Recorded data

----

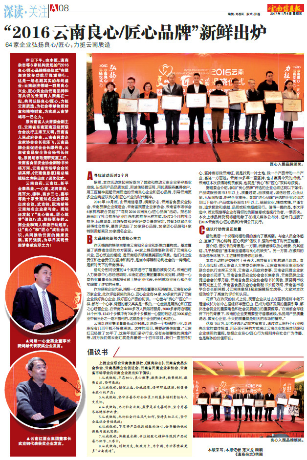 昨日下午,由云南信息報、滇商雜志、云南省民營企業(yè)家協(xié)會、云南省食品協(xié)會等6家機構(gòu)發(fā)起的“2016良心/匠心品牌揭曉儀式”在翠湖賓館多功能廳隆重舉行。這是一場名副其實的年終盛會:云南經(jīng)濟領域一群用良心興業(yè)、匠心筑業(yè)的云南品牌和有共識的云南商人聚集在一起,共同弘揚良心/匠心,力挺云南質(zhì)造,為社會奉獻物質(zhì)財富和精神財富,為實現(xiàn)云南夢竭盡一己之力。
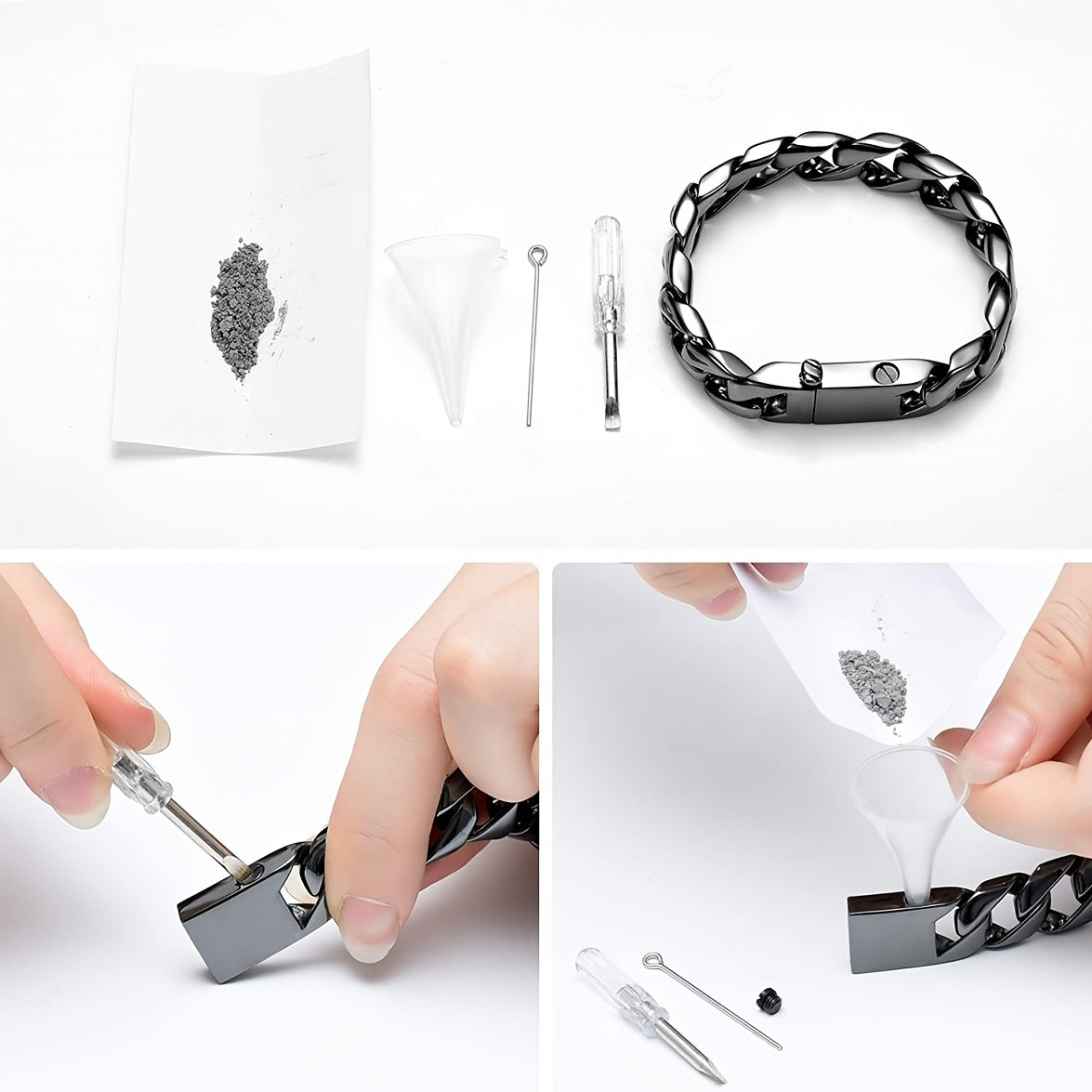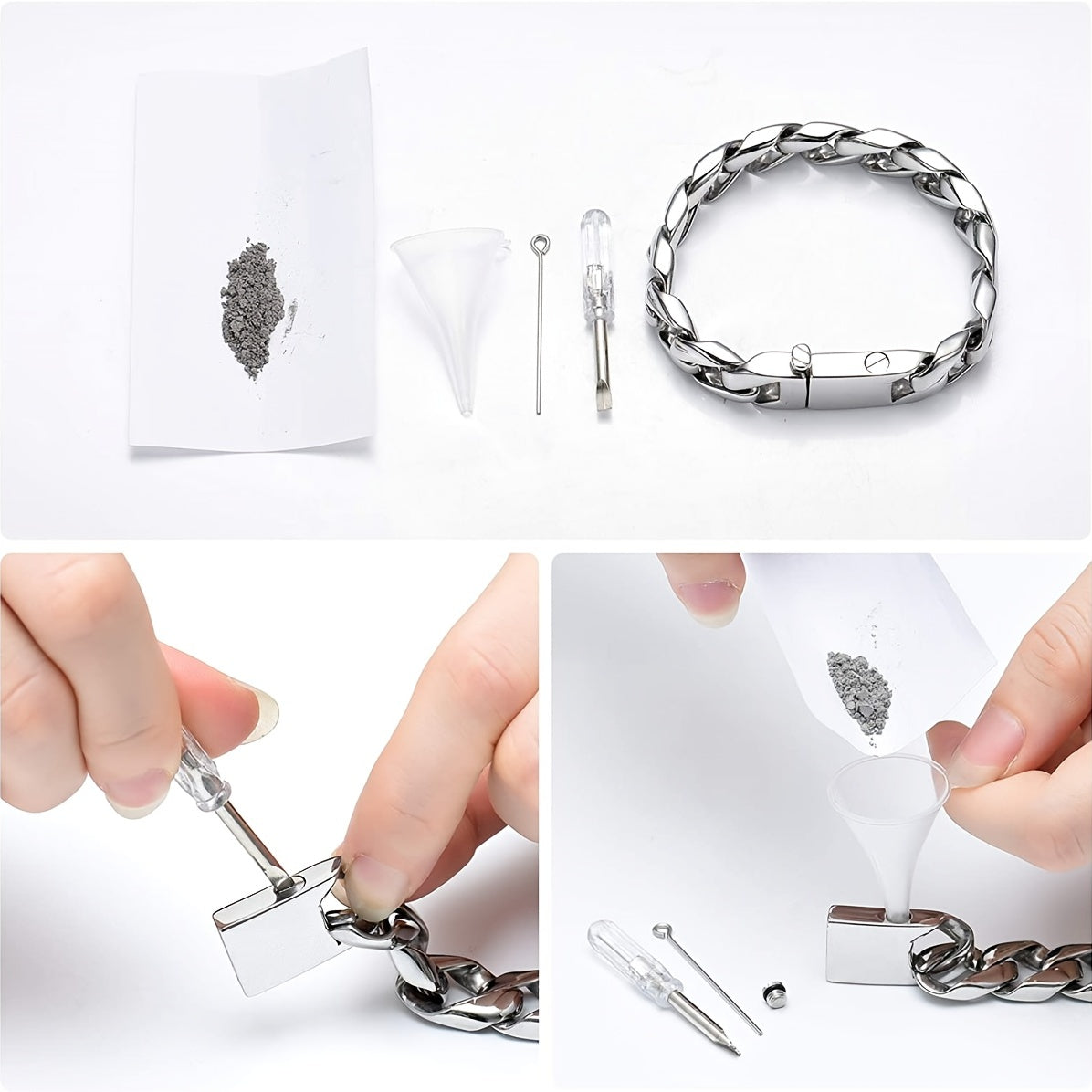 This bracelet serves as a unique way to carry the ashes of a loved one. It features a Cuban link design and can be used as a memorial cremation jewelry.
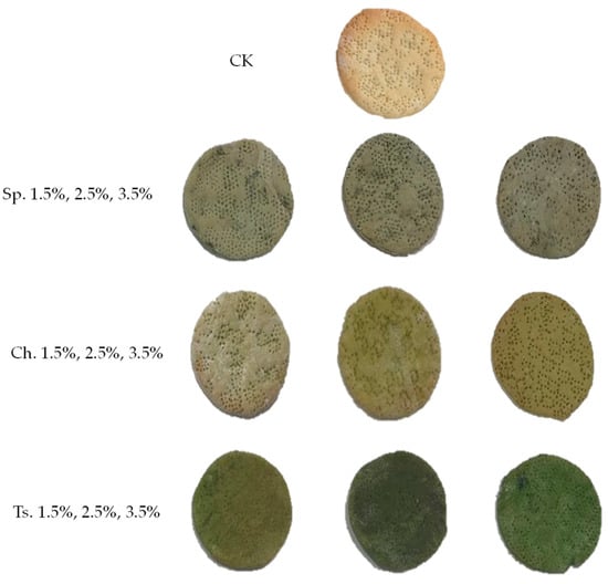 Crackers with microalgae biomass added in three flour substitution levels (1.5, 2.5 and 3.5%). Figure abbreviations Sp. Spirulina, Ch. Chlorella and Ts. Tetraselmis.
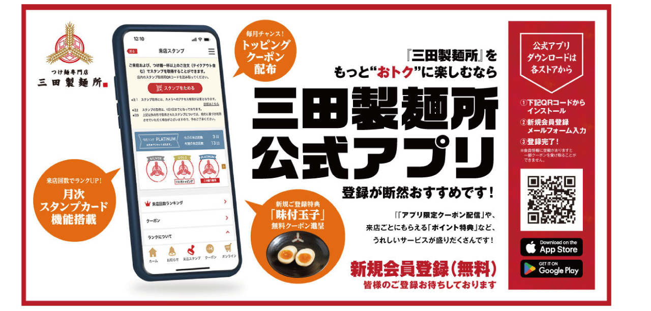 三田製麺所をもっとお得に楽しむなら、アプリ登録が断然おすすめです。
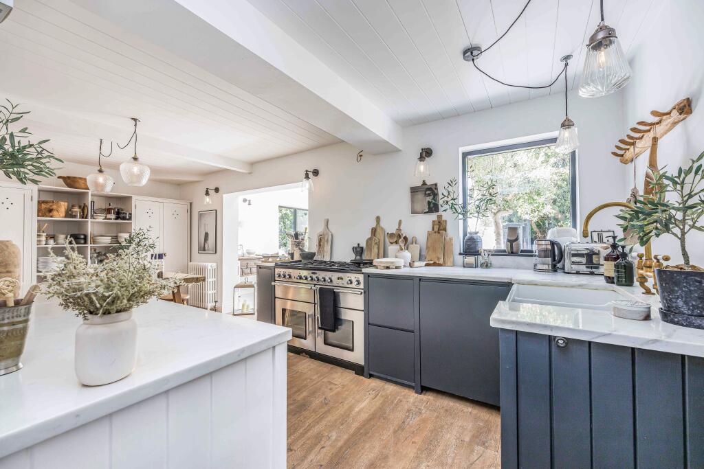 A handsome Georgian detached house of immense charm and character, beautifully presented comprising 5 double bedrooms, 2 bathrooms and 3 receptions including a dining room with vaulted ceiling, overlooking secluded gardens with a mediterranean theme, set in about 0.26 acres, located in the heart ...
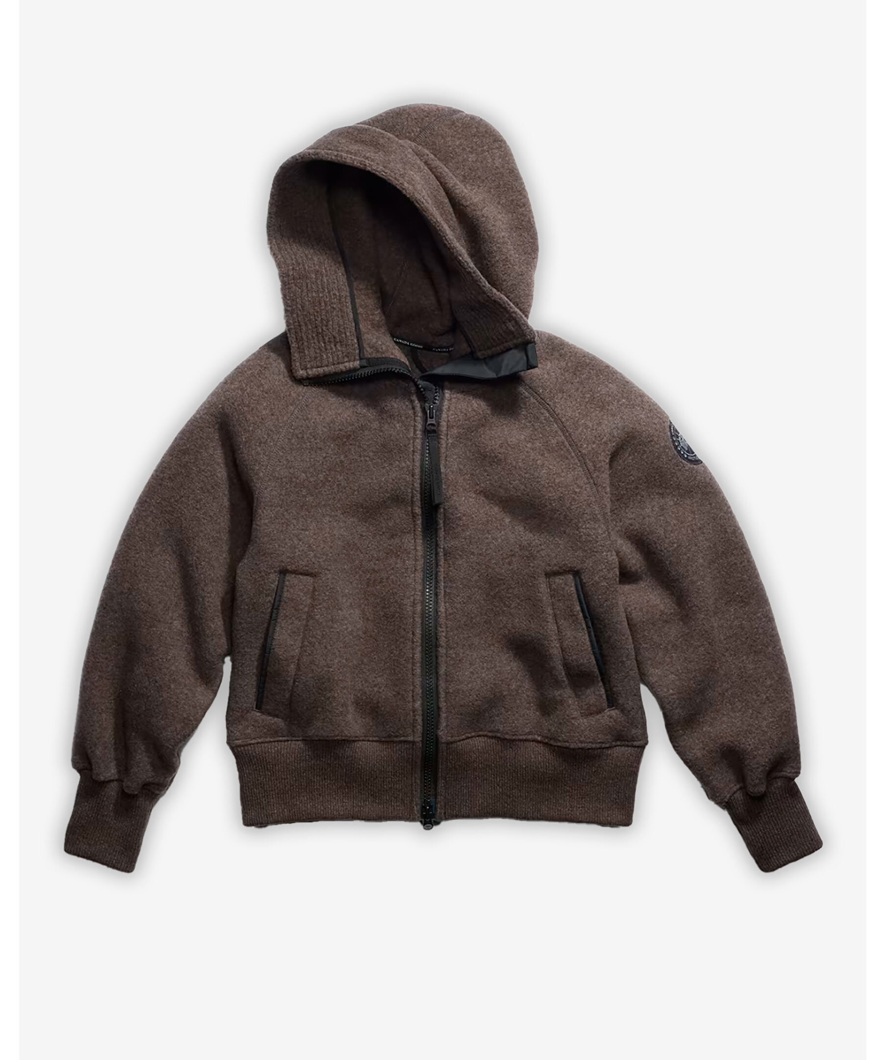 Mörkbrun Fleece Bomberjacka från Canada Goose. Jackan stängs med tvåvägsdragkedja och har fast huva med med justerbar dragsko och hög krage, ribbstickade ärmslut och fåll, två sidfickor samt slitstarka områden är förstärkta med CORDURA®-tyg för ökad hållbarhet. Tillverkad i en ullblandning.
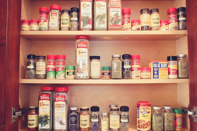 調味料は料理や食事の際にさっと取り出せるように、カゴなどに入れて収納棚の中に格納しておきましょう。
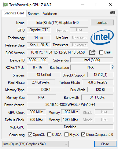 Ein besonderes Ausstattungsmerkmal dieses Core-i5-Prozessors ist die Intel Iris Graphics 540. Mit 48 Execution Units ist diese GPU deutlich leistungsstärker als die normalen HD-Graphics-Chips. Die HD 530 hat beispielsweise lediglich 24 EUs. Der maximale Kerntakt liegt bei 1.050 MHz. Die GPU beinhaltet auch einen Hardware-Decoder für HEVC-Videos und neue Intel Quick-Sync-Modi, die zu einer geringeren Auslastung führen sollen. Im 3DMark 11 liegt die GPU 3 % vor der Nvidia GeForce 840M, aber 4 % hinter der GeForce 930M. Wir haben zudem die Ergebnisse des alten NUC 5i5RYH aufgeführt und die Verbesserung ist mit 83 % zu Gunsten der Iris-540-GPU enorm.
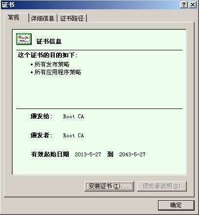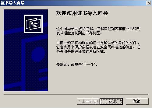 2、點擊上圖中“安裝證書”按鈕,進(jìn)入下圖:
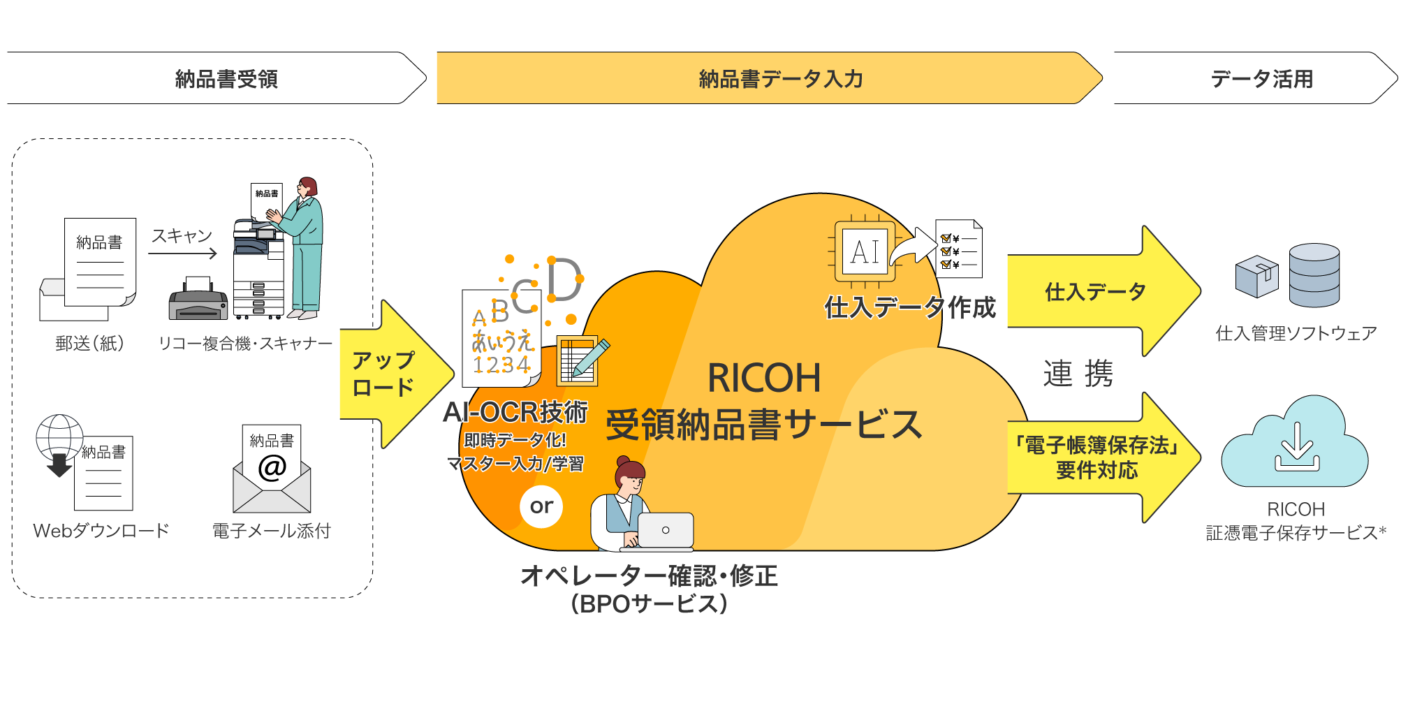 毎日届く納品書のデータ入力に、ご苦労はありませんか?「RICOH 受領納品書サービス」なら、納品書をクラウドにアップロードするだけです!AI-OCRにより、明細行まで即時に正確に文字データ化します。またAIがマスター情報を学習し、入力の負担軽減と合わせ業務の属人化も解消できます。仕入情報のスピーディーな活用により販売機会の拡大を可能にし、電子帳簿保存法やインボイス制度にもスムーズに対応。受領納品書に伴う業務をトータルにご支援します。
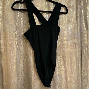 Express Black Asymmetrical Strappy Jersey Knit Smooth Bodysuit XS
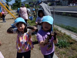 どろんこおばけになって年少さんと追いかけっこを楽しむ姿もありました。

----

■ EXERCISE GOAL ■
The lines to return run from the line containing "Ein besonderes Ausstattungsmerkmal" through the last line of the records. Give them exactly, omitting pictures.

■ SOLUTION BELOW ■
 Ein besonderes Ausstattungsmerkmal dieses Core-i5-Prozessors ist die Intel Iris Graphics 540. Mit 48 Execution Units ist diese GPU deutlich leistungsstärker als die normalen HD-Graphics-Chips. Die HD 530 hat beispielsweise lediglich 24 EUs. Der maximale Kerntakt liegt bei 1.050 MHz. Die GPU beinhaltet auch einen Hardware-Decoder für HEVC-Videos und neue Intel Quick-Sync-Modi, die zu einer geringeren Auslastung führen sollen. Im 3DMark 11 liegt die GPU 3 % vor der Nvidia GeForce 840M, aber 4 % hinter der GeForce 930M. Wir haben zudem die Ergebnisse des alten NUC 5i5RYH aufgeführt und die Verbesserung ist mit 83 % zu Gunsten der Iris-540-GPU enorm.
 2、點擊上圖中“安裝證書”按鈕,進(jìn)入下圖:
 毎日届く納品書のデータ入力に、ご苦労はありませんか?「RICOH 受領納品書サービス」なら、納品書をクラウドにアップロードするだけです!AI-OCRにより、明細行まで即時に正確に文字データ化します。またAIがマスター情報を学習し、入力の負担軽減と合わせ業務の属人化も解消できます。仕入情報のスピーディーな活用により販売機会の拡大を可能にし、電子帳簿保存法やインボイス制度にもスムーズに対応。受領納品書に伴う業務をトータルにご支援します。
 Express Black Asymmetrical Strappy Jersey Knit Smooth Bodysuit XS
 どろんこおばけになって年少さんと追いかけっこを楽しむ姿もありました。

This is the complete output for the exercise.